High genetic diversity discovered in South African leopards

Newswise — Researchers say the discovery of very high genetic diversity in leopards found in the Highveld region of South Africa has increased the need for conservation efforts to protect leopards in the country.

Declan Morris, a PhD candidate with the University of Adelaide’s School of Animal and Veterinary Sciences, led the research project, which discovered that the two maternal lineages of leopards found in Africa overlap in the Highveld, leading to the high genetic diversity.

One lineage can be found across most of the African continent, while the other is confined mostly to the Western Cape, Eastern Cape, KwaZulu-Natal and Mpumalanga regions of South Africa.

“We compiled the most comprehensive mitochondrial DNA (mtDNA) data set to date to explore the trends and leopard genetics on a continental scale,” says Morris.

“The results of our analysis, using a combination of mtDNA, microsatellites, and comparisons with results of other published studies, is what enabled us to determine that the leopard population in the Highveld of Mpumalanga had the highest levels of genetic diversity in the country.”

Genetic diversity is important for a species’ long-term survival.

“High genetic diversity increases the ability for a species to adapt to a changing environment around it; therefore, it can make species more resilient to events such as climate change or the introduction of new diseases,” says Morris.

“The discovery that the leopards in the Highveld have the highest recorded levels of genetic diversity in South Africa is significant as it places a high conservation priority for the population in the region.”

It is likely the two lineages of leopards diverged between 960,000–440,000 years ago due to the aridification of the Limpopo basin between 1,000,000–600,000 years ago.

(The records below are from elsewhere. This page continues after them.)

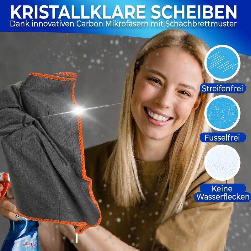 - 100% streak-free and lint-free – with the window cloths made of premium carbon microfibres, glass panes and smooth surfaces dry streak-free in no time at all - lint-free shine without wiping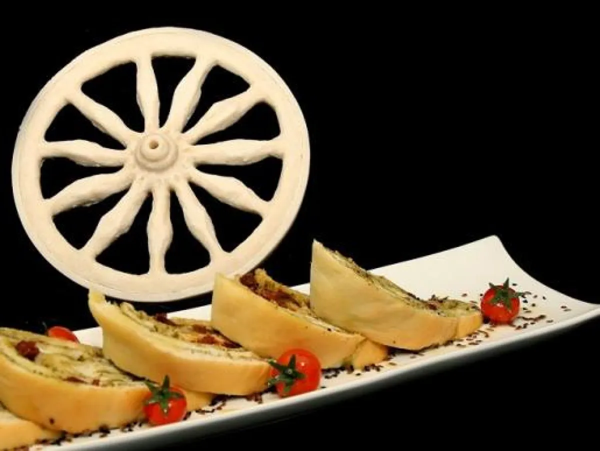 3_ يوضع الحشو على العجينة وتلفّ، وتترك في حرارة الغرفة لمدة تتراوح ما بين 30 و45 دقيقة، ثم تخبز على حرارة 200 درجة مئوية لمدة 25 دقيقة. وبعد إخراجها من الفرن، تدهن بزيت الزيتون، وتقدّم.
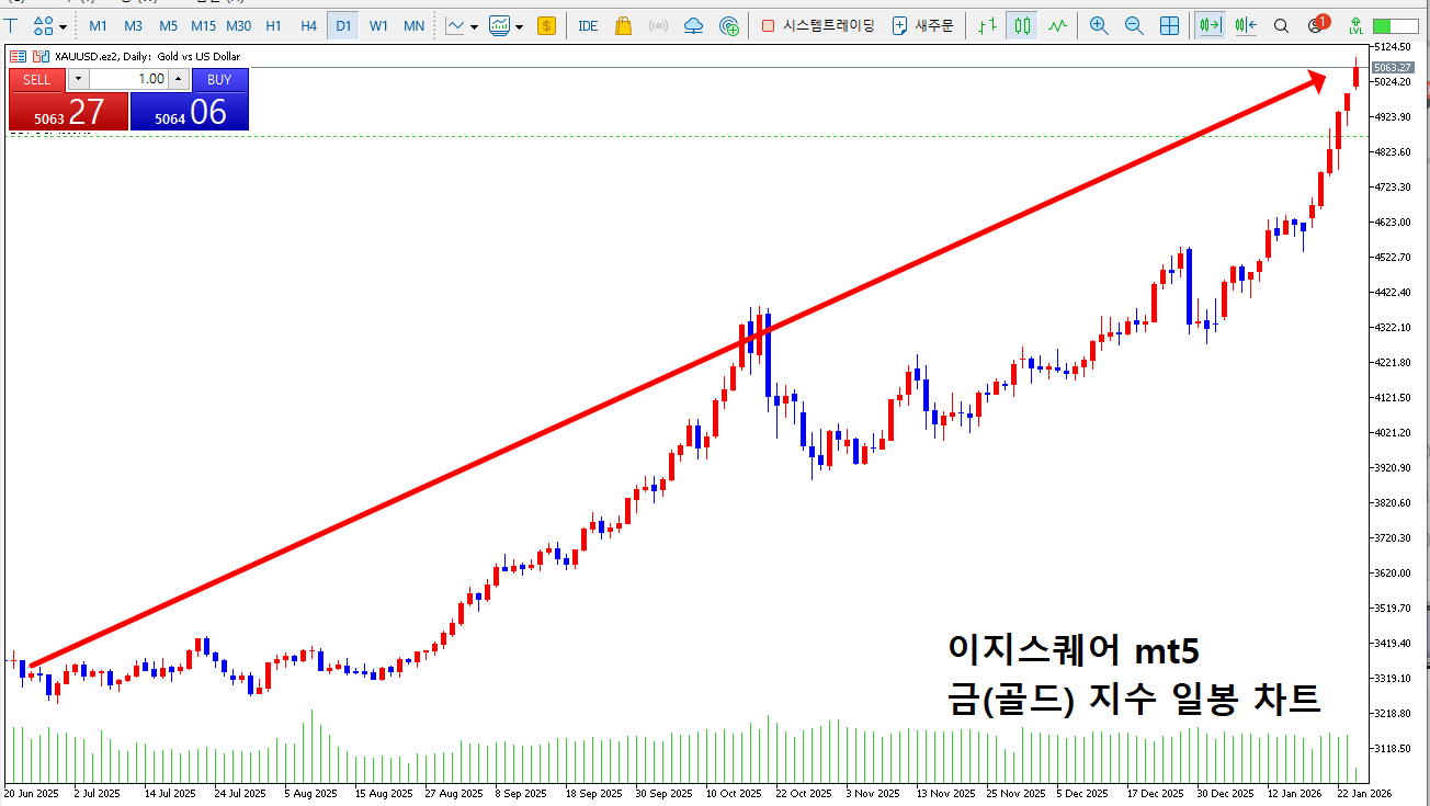 정식 해외선물 증권 거래소 '이지스퀘어' 의 금 지수 일봉 차트 입니다.

Both leopard lineages are now comingling in the Mpumalanga Province where Morris’ PhD work was conducted.

“We had originally hypothesised that the Highveld leopards would be isolated as they exist in a highly fragmented region, but this discovery shows us that it’s not as isolated as we thought,” Morris says.

“Gene flow is occurring with Lowveld areas and Kruger National Park. We found an unexpected level of connectivity, even across landscapes highly modified by humans.”

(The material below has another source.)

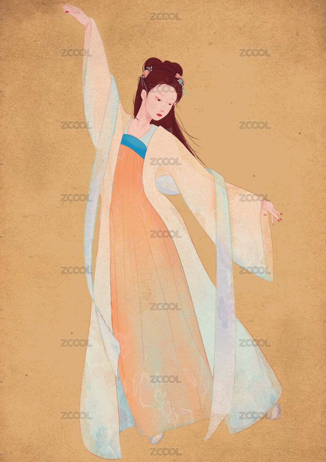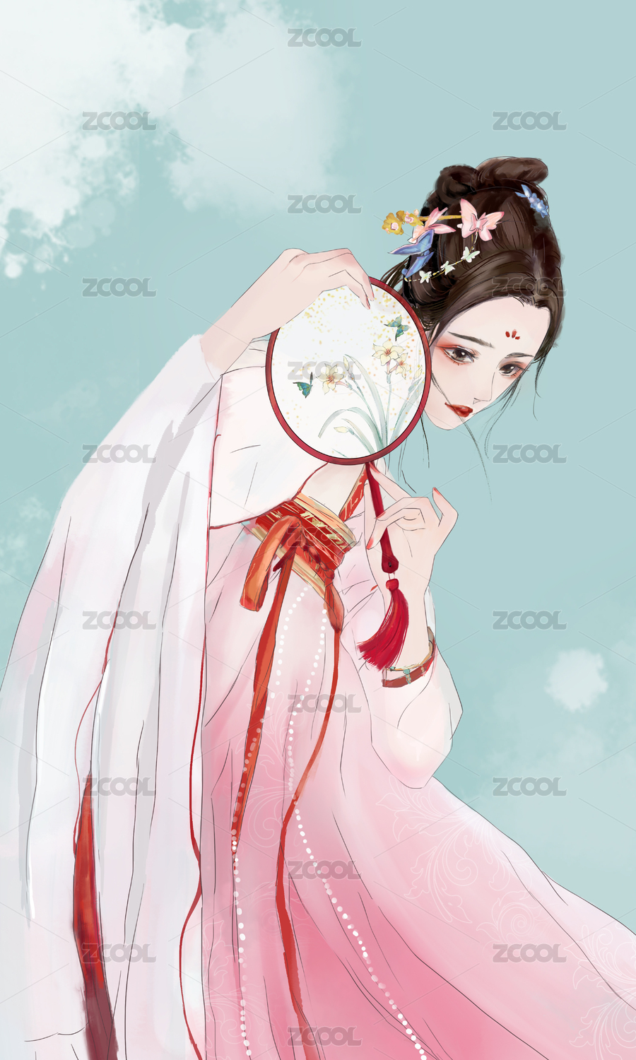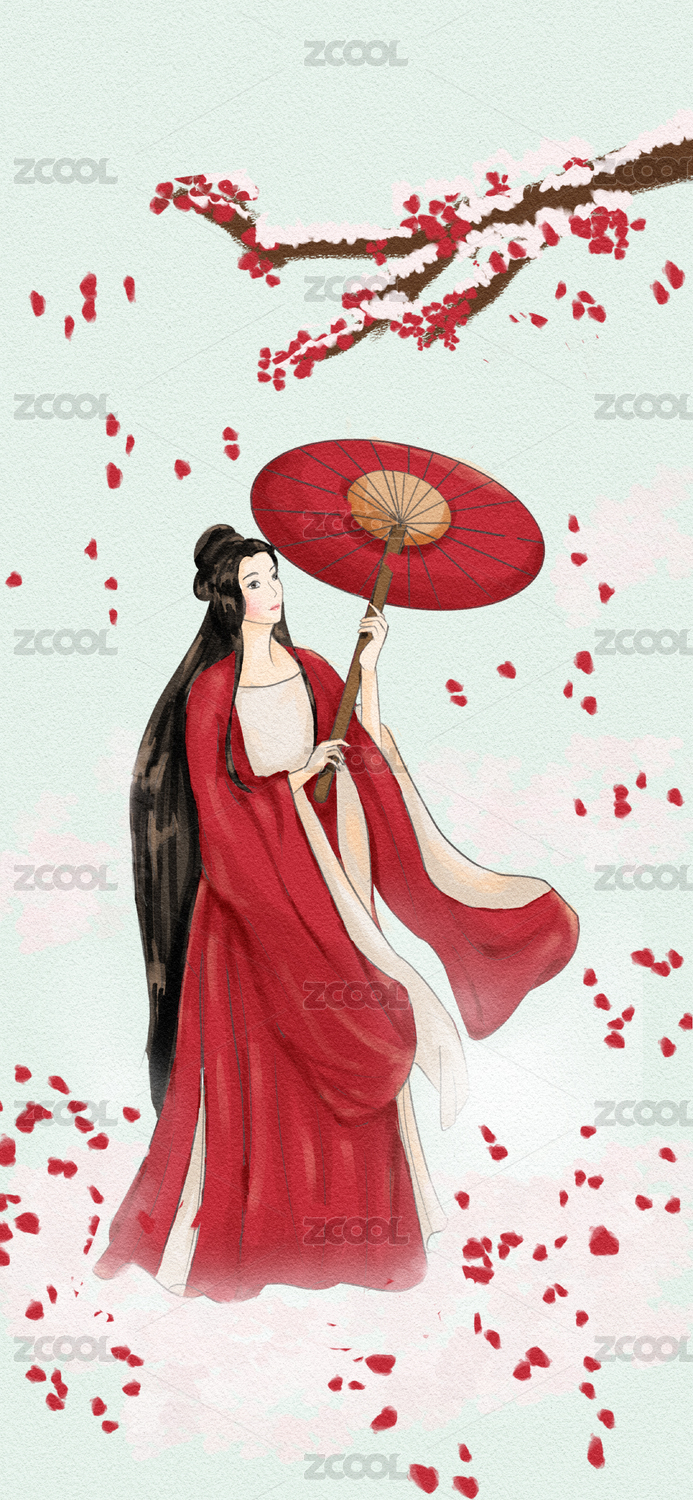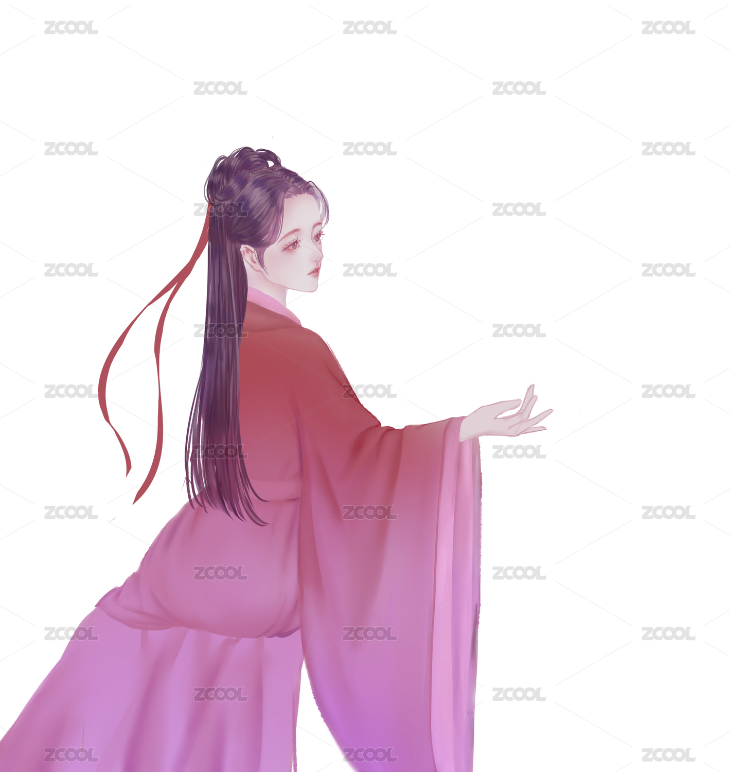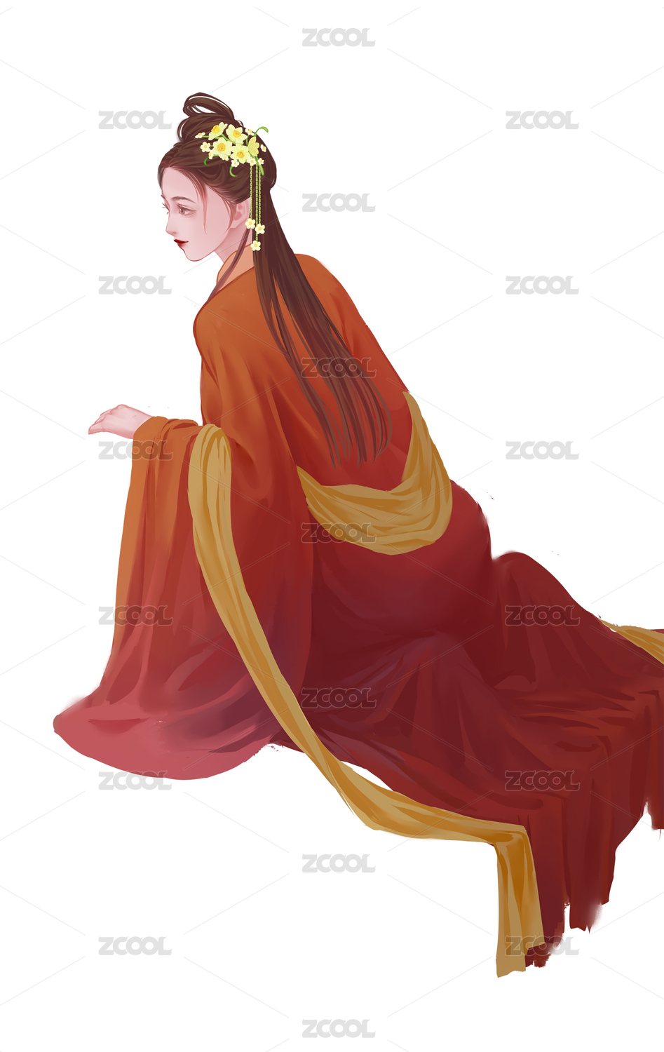 中式古风汉服古装女人跪着坐着红色衣服趴着

Morris, whose research team included the University of Adelaide’s Dr Todd McWhorter and Associate Professor Wayne Boardman, and collaborators from University of Pretoria and University of Venda, hopes this discovery will place a higher importance on the conservation of leopard populations in South Africa.

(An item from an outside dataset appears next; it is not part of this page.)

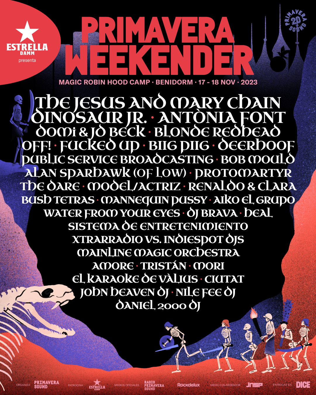 Primavera Weekender es como una versión más pequeña e íntima de los festivales Primavera Sound, como una reunión familiar acogedora en lugar de una gran fiesta en la calle. Es como un paraíso para amantes de la música, con un cartel que incluye a The Jesus and Mary Chain, Dinosaur Jr., Antònia Font, DOMi & JD Beck, Biig Piig, Deerhoof y Blonde Redhead. El festival es como una celebración de una gran y feliz familia, compuesta por los organizadores del festival, el público y los artistas, todos unidos para compartir su amor por la música. Es como un paquete completo, con entradas que incluyen acceso a los conciertos, pensión completa durante el fin de semana y alojamiento por dos noches en bungalows para grupos de dos a seis personas. El festival es como un tesoro de descubrimientos musicales, con una mezcla de artistas consolidados y emergentes de una variedad de géneros, esperando ser descubiertos por los asistentes. Es como una casa de espectáculos, presentada por Mainline Magic Orchestra, donde invitan a sus amigos a venir y unirse a la diversión. Elfestival es como un viaje musical, proporcionando una experiencia única para que los asistentes se conecten con artistas y otros fans, y descubran nueva música en el camino.

“This information will hopefully help change attitudes towards the management of leopards and be used to inform management decisions – such as choosing translocation instead of issuing destruction permits for problem-causing animals,” he says.

“One of the biggest measures that could protect leopards in the Highveld is community engagement. Building better, stronger relationships between the community, government, researchers, and conservation organisations allows for efficient, targeted management programs to be designed.”

This discovery was published in the journal PeerJ and builds upon another recent leopard study published by the research team.